Summary — SB 2170 (Army Forces Reserve Component Scholarship Program)
Status
- Introduced: March 10, 2025 (per materials provided)
- Current status: Second reading — failed to pass (yeas 6, nays 41)
- Sponsors (in North Dakota text): Senators Dever, Castaneda, Paulson; Representatives J. Olson, Pyle.
- Note: the file provided also contained unrelated Illinois FOIA text and a different sponsor name (Sen. Suzy Glowiak Hilton); this summary addresses the North Dakota bill creating the reserve scholarship program.
Purpose / Intent
- Establish a state scholarship program to help members of U.S. reserve military components who are residents of North Dakota enroll in and complete postsecondary education by covering tuition costs (subject to appropriation).
Key provisions
- Creation and administration
- Creates a new chapter in Title 15 NDCC.
- Administered by the State Board of Higher Education, which approves applicants, processes applications in order received, and implements rules necessary for program operation.
- Scholarships are awarded without regard to financial need; the Board may not grant priority based on sex, race, or religion.
Definitions
- “Active duty,” “institution of higher education,” and “eligibility units” are defined.

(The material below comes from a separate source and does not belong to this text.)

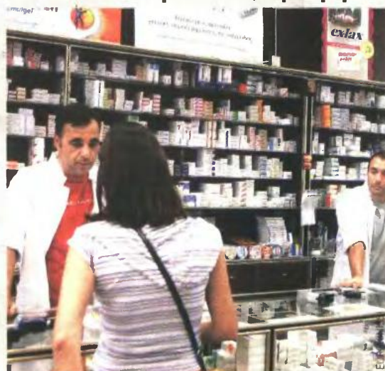
Οι φαρμακευτικές δαπάνες μπορούν να χρησιμοποιηθούν για την κάλυψη του αφορολόγητου.

ΟΙ ΦΑΡΜΑΚΕΥΤΙΚΕΣ δαπάνες, οι δαπάνες για την αγορά ορθοπαιδικών ειδών (νάρθηκες, κηδεμόνες, υποδήματα κ.λπ.), αναλωσίμων νοσηλευτικών υλικών, αναπηρικών βοηθητικών οργάνων (πατερίτσες, αναπηρικά αμαξίδια, στρώματα κατάκλισης κ.λπ.), ειδικών μηχανημάτων (νεφρολοπιπές, συσκευές αναρρόφησης, φιάλες οξυγόνου κ.λπ.), οι δαπάνες για έξοδα μετακίνησης και διαμονής των ασφαλισμένων, οι δαπάνες για βρεφονηπιακούς σταθμούς κ.λπ., που δεν καλύπτονται στο σύνολό τους από ασφαλιστικά ταμεία και ασφαλιστικές εταιρίες, μπορούν να χρησιμοποιηθούν από τους φορολογούμενους, μαζί με τις λοιπές δαπάνες, για την κάλυψη του αφορολόγητου ποσού, υπό την προϋπόθεση ότι δεν αποτελούν δαπάνες που εκπίπτουν με βάση άλλη φορολογική διάταξη. Για να είναι δυνατή η χρησιμοποίηση των δαπανών αυτών, στη βεβαίωση ιατρικής και νοσοκομειακής περίθαλψης που ήδη κορηνγείται από τους ασφαλιστικούς φορείς πρέπει να συμπεριλαμβάνεται ξεχωριστή κατηγορία με το ποσό των λοιπών δαπανών που προαναφέρθηκαν και το οποίο δεν κάλυψαν οι ασφαλιστικοί φορείς. Στη βεβαίωση πρέπει να αναγράφονται, σε χωριστή ένδειξη, το συνολικό ποσό της δαπάνης για το οποίο υποβλήθηκαν δικαιολογητικά, το ποσό της δαπάνης που καλύφθηκε από τον ασφαλιστικό φορέα, καθώς και το συνολικό υπόλοιπο ποσό της δαπάνης με το οποίο επιβαρύνεται ο ίδιος ο φορολογούμενος.

Twelve or more credit hours in a semester = 12 eligibility units; a quarter term = 8 units.
Eligible applicants
- Must be a member of a U.S. reserve component (Army, Navy, Marine Corps, Air Force, Coast Guard, or Space Force) residing in the state.

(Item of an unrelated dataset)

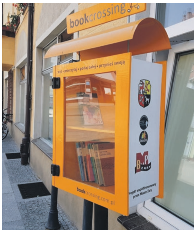
Gdy tylko się ociepli, książka znów wyjdzie na żarskie ulice

- Must be enrolled full-time at an eligible in‑state institution (state-controlled or privately controlled degree-granting programs, approved in‑state nursing programs, or specified high‑demand occupation programs).
- May not hold a baccalaureate degree and must not have already received specified state financial assistance (chapters 37‑07.1 or 37‑07.2).
- Those discharged under other than honorable conditions are ineligible.
Scholarship limits and amounts
- A recipient may receive up to 48 eligibility units (effectively up to roughly four years of full-time enrollment).
- Subject to legislative appropriation, the Board shall pay:
- 100% of tuition if the student is at an institution under the Board’s control; or
- The lesser of 100% of the institution’s tuition or the average tuition of Board‑controlled institutions if attending another institution.
Coordination with other aid and active duty protections
- Board may require applicants to apply for federal educational assistance (including DoD programs) and may require other aid to be applied before state scholarship funds.
- If called to active duty and withdrawing, the student must receive a leave of absence and no academic penalty; scholarship unit accounting or repayment rules apply depending on whether the institution permits completion.
Potential impacts
- Intended to lower financial barriers for reserve component members to complete degree programs, potentially increasing retention and educational attainment among service members.
- Fiscal impact depends on legislative appropriations: paying up to full tuition for eligible students could require significant state funding if uptake is high.
- Interacts with federal education benefits and existing state programs (chapters referenced); rulemaking will determine operational details (application intake, prioritization when funds limited, coordination with federal aid).
Next steps / implementation
- Program requires legislative appropriation to fund scholarships and rulemaking by the State Board of Higher Education to implement details.
- Because the measure failed second reading (per provided status), it would need to be reintroduced or reconsidered in subsequent legislative action to become law.